I looked straight at Castillo, who was looking back at me. We were both thinking the same thing. Ox still had no clue how bad it’d gotten at DSTI. Castillo’d admitted to the experiments, but not the specifics yet. And as horrifying as those specifics were, I admit: It was nice sharing a secret with someone like Castillo. It was the only real connection we had, I guess.

The government
still
is, I said.

Ox winked.

Well, of course, he said.

•  •  •

He told us a story about this guy named Cornelius Rhoads, an American scientist who purposely put cancer cells into a bunch of people. They all died. The United States had recently invaded Puerto Rico, and this guy began using underprivileged Puerto Ricans for his tests, so no one really paid much attention to what was going on. A local politician named Campos got ahold of some letters where this American scientist was bragging about killing all these Puerto Rican people, and Campos went to the American newspapers with the letters. His reward? This Campos guy was arrested for being a “terrorist” and spent the next
twenty years
in a Puerto Rican jail, where he was declared insane and Dr. Rhoads used
him
as a subject for radiation experiments. Can you believe that? Dr. Rhoads
was soon promoted to run the US Army Biological Warfare department.

Ox said: Research it yourself sometime online. Some days it’s almost funny.

Ox then said: Before you can truly appreciate Shardhara, you gotta know your history.

•  •  •

Ox talked for, like, two hours. It was probably only ten minutes, but it was definitely a monologue and one he’d clearly given before. I tried to follow as much of it as I could. Castillo, I saw, was doing the same. Listening like a kid with a test the next day and really trying to learn the material.

Here’s what I can remember:

1. The Department of Defense recently admitted, despite a dozen different treaties banning research and development of biological agents, that it
still
operated biological-agent research facilities in more than
one hundred
institutions and universities across the nation. One hundred illegal projects! And that’s just what they’d been forced to admit.
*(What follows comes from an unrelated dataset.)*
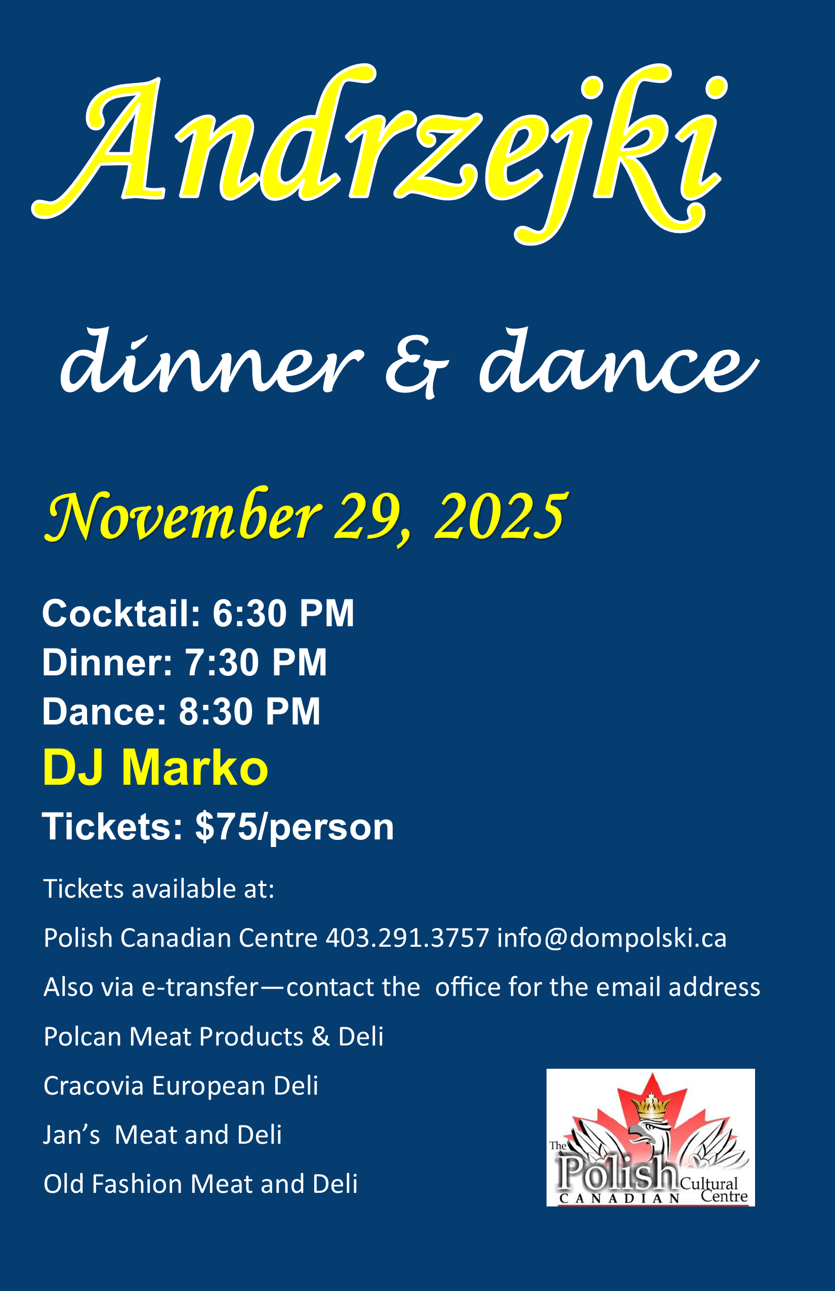 Wydarzenie ma charakter otwarty i stanowi wyjątkową okazję do wzmocnienia więzi między Polską a polską społecznością w Calgary: środa, 26 listopada, o 18:00, w Domu Polskim w Sali Kombatanta. Spotkanie upiększa nam zespól taneczny. Serdecznie zapraszamy!

2. When the Manhattan Project scientists finished the world’s first atomic bomb, they started a second project: injecting plutonium directly into hundreds of American men, women, and children. Their mission was to study the effects of exposure to atomic weapons. Their very first test subject was a civilian who’d
simply had a car accident near the lab
. One of their last tests was giving irradiated milk to disabled orphans.